Alors que la planète mode converge vers Paris, Pharrell Williams orchestre une véritable masterclass de suspense atmosphérique pour ses débuts homme Louis Vuitton Automne/Hiver 2026. Loin du grand spectacle survolté des saisons précédentes, le Directeur de la Création impose un ton étonnamment intime avec, pour invitation, une paire de mules en cuir camel — clin d’œil tactile à l’accent mis sur un confort domestique ultra-raffiné. Ce sentiment de « sérénité industrielle » s’est encore intensifié sur son @skateboard compte Instagram, où Williams a dévoilé une série de teasers ultra-millimétrés pour le défilé de la Paris Fashion Week. Ces aperçus offraient un regard rare sur les intérieurs des nouveaux sacs Speedy et sur des silhouettes robustes inspirées du workwear, privilégiant le savoir-faire plutôt que le logo. En se concentrant sur les détails « invisibles » et l’âme « silencieuse » de la Maison, Pharrell annonce un virage vers une élégance plus subtile et utilitaire.
Tous les regards se tournent désormais vers le runway pour voir comment ce prélude tout en retenue s’inscrit dans le nouveau chapitre de l’héritage LV. L’ampleur réelle de sa vision s’est révélée au cœur d’une résidence préfabriquée aux parois vitrées, baptisée DROPHAUS, conçue en collaboration avec le studio avant-gardiste NOT A HOTEL. Réputé pour ses résidences de villégiature japonaises ultra‑premium, NOT A HOTEL a aidé Williams à concrétiser une vision du futur de l’habitat fondée sur la « fonction, le savoir-faire et les besoins humains ». Nichée dans un jardin luxuriant de la Fondation Louis Vuitton, la maison abritait « HOMEWORK », une collection de mobilier sur mesure pensée autour de « dix pour cent d’imperfection » — des formes subtilement irrégulières qui réaffirment l’idée d’un espace profondément humain, habité. « L’approche architecturale de Pharrell est guidée par un regard d’outsider — il travaille à partir de premiers principes plutôt que de conventions », souligne la Maison. Pharrell a imaginé le lieu avec une sélection de pièces signées notamment Paulin Paulin et des enceintes Devon Ojas. Dans ce décor, il a dévoilé une collection qui réinvente l’uniforme de l’homme moderne. Si la silhouette du costume-cravate reste dominante, sa version à lui se veut résolument informelle, pensée pour le quotidien. Le défilé s’articulait autour de costumes croisés et de blazers en cuir dans une palette sophistiquée de tonalités terre — camel, verts profonds et kaki. En s’éloignant du denim épais, le vestiaire se concentre sur des pantalons coupés au cordeau et des pièces d’outerwear statement, dont de somptueuses bombers en cuir de crocodile. Un vestiaire où la technicité rencontre la haute confection, affirmant que le vrai luxe se mesure à l’usage.

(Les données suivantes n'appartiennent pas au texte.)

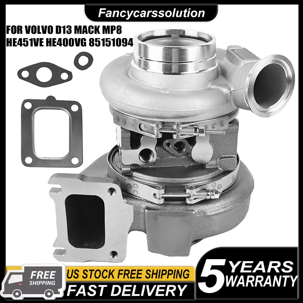 Product Description F eatures: 1. Good Quality: High quality for long-lasting durability, engineered from high-quality materials to improve the reliability and durability . 2.T his compressor and turbine housing is made of high grade alloy to rapidly dissipate heat at extreme rotate speed, ultimately extending the service life of the product. 3. Each part is crafted with hard-wearing strength and durability to ensure your 85151094 Turbocharger can withstand the rigors of the road. 4. We have professional knowledge, quality products, fast shipping, and unparalleled customer service. 5.Warranty:1 year. Common symptoms of a Bad turbocharger: 1. Loud Siren Noise; 2. Poor Acceleration; 3. Excessive Exhaust Smoke; 4. Increased Oil Consumption; 5. Engine Management Light . Item Specifications: Turbo Model: HE400VE Displacement: 1 3.0 L VGT Electronic Actuator : NO Part Number: Part Number: 85157094 Interchange Part Numbers: 85151094 85141064 85141060 85151094 85020018 85026018 85020014 85021417 22215689 22215685 22880308 5355474 85124588 21366000 85136184 85128133 21559604 21238245 21364706 21468131 22001084 85003632 85003848 85003963 85013571 Fitment : Volvo D13 Mack MP8 Packag e Contents : 1 x Turbocharger Note: Please Carefully Check Whether the OE Number And Picture are What You Need Before Buying. If You are Not Sure Whether It Fits, Please Write to us. If There are Any Problems, Communication by Letter Will be More Effective. No Instruction Included, professional installation is highly recommended. Payment Shipping Terms Returns Contact Us We accept PayPal only. If buyer want to delay the payment because of financial problem, please contact me by the ebay message within 3 days Payment via PayPal (PayPal accepts all major credits/debit cards and eCheque) ECheque payment will tak e 3-10 days to get clear, thus DELAYing the shipment. Handling time: 1 business day (Orders are not processed on weekends & holidays) Tracking information will be sent once item is shipped. Local pick-up is unavailable at the moment. For international shipping and shipping to Guam, Hawaii and Alaska, Please contact us before placing the order. Item is shipped to ebay address. Leaving correct address can minimize delay. For any issues with Defects, Return, Item Exchange request, please contact us first and send us a message first before opening any type of case or request. We devote ourselves making EVERY CUSTOMER in 100% Satisfactory and resolve any problem. We highly value and appreciate your business. Thank you. No returns will be accepted without an RMA number. Please contact us for the RMA number. Return is acceptable within 30 days of delivery. Return for replacement or money back is optional. Returned items must be in the brand new, unaltered and resalable condition. Seller is not responsible for any labor cost, expense in a dealer store, or damage due to wrong installation. Return is accepted within 14 days after the buyer's receiving the item. (Excluding contrived damagement or misusage).100% money-back Guaranteed! All product will be tested in 100% before delivery.If the item is defected by the processing of postage,Buyer has up to 14 days from date of receipt for exchange of a new one.All shipping charges for returned products are to be paid by the buyer,Please contact us for the return address All messages will be answered within 24 office hours. Please contact us either by clicking "contact seller" in the "purchase history" section or simply click "ask a question" at the bottom of this page. If you are unsatisfied with our item or service, please contact us before leaving any feedback. We are committed to resolve all issues in a friendly and satisfactory manner. We always reply to messages within 2 business days (off-duty at weekend). If you do not get a response from us, then please check your junk or spam mailbox. Payment We accept PayPal only. If buyer want to delay the payment because of financial problem, please contact me by the ebay message within 3 days Payment via PayPal (PayPal accepts all major credits/debit cards and eCheque) ECheque payment will tak e 3-10 days to get clear, thus DELAYing the shipment. Shipping Handling time: 1 business day (Orders are not processed on weekends & holidays) Tracking information will be sent once item is shipped. Local pick-up is unavailable at the moment. For international shipping and shipping to Guam, Hawaii and Alaska, Please contact us before placing the order. Item is shipped to ebay address. Leaving correct address can minimize delay. Terms For any issues with Defects, Return, Item Exchange request, please contact us first and send us a message first before opening any type of case or request. We devote ourselves making EVERY CUSTOMER in 100% Satisfactory and resolve any problem. We highly value and appreciate your business. Thank you. No returns will be accepted without an RMA number. Please contact us for the RMA number. Return is acceptable within 30 days of delivery. Return for replacement or money back is optional. Returned items must be in the brand new, unaltered and resalable condition. Seller is not responsible for any labor cost, expense in a dealer store, or damage due to wrong installation. Returns Return is accepted within 14 days after the buyer's receiving the item. (Excluding contrived damagement or misusage).100% money-back Guaranteed! All product will be tested in 100% before delivery.If the item is defected by the processing of postage,Buyer has up to 14 days from date of receipt for exchange of a new one.All shipping charges for returned products are to be paid by the buyer,Please contact us for the return address Contact Us All messages will be answered within 24 office hours. Please contact us either by clicking "contact seller" in the "purchase history" section or simply click "ask a question" at the bottom of this page. If you are unsatisfied with our item or service, please contact us before leaving any feedback. We are committ

Ce world-building multisensoriel s’ancrait dans une bande-son visionnaire de titres inédits, tous produits en interne au siège de LV. Le défilé a offert des premières mondiales signées A$AP Rocky, John Legend et Quavo, ainsi que la toute première collaboration entre Pharrell et Jackson Wang, intitulée « Sex God » (feat. Pusha T). Sur le runway, Pusha T et BamBam sont passés du statut de musiciens à celui de mannequins, tandis que Jackson Wang, Callum Turner et Joe Keery tenaient le premier rang. Dans ce nouveau manifeste, la maison n’est plus un simple décor : c’est un laboratoire vivant où design intemporel et sons inédits esquissent le futur de la mode.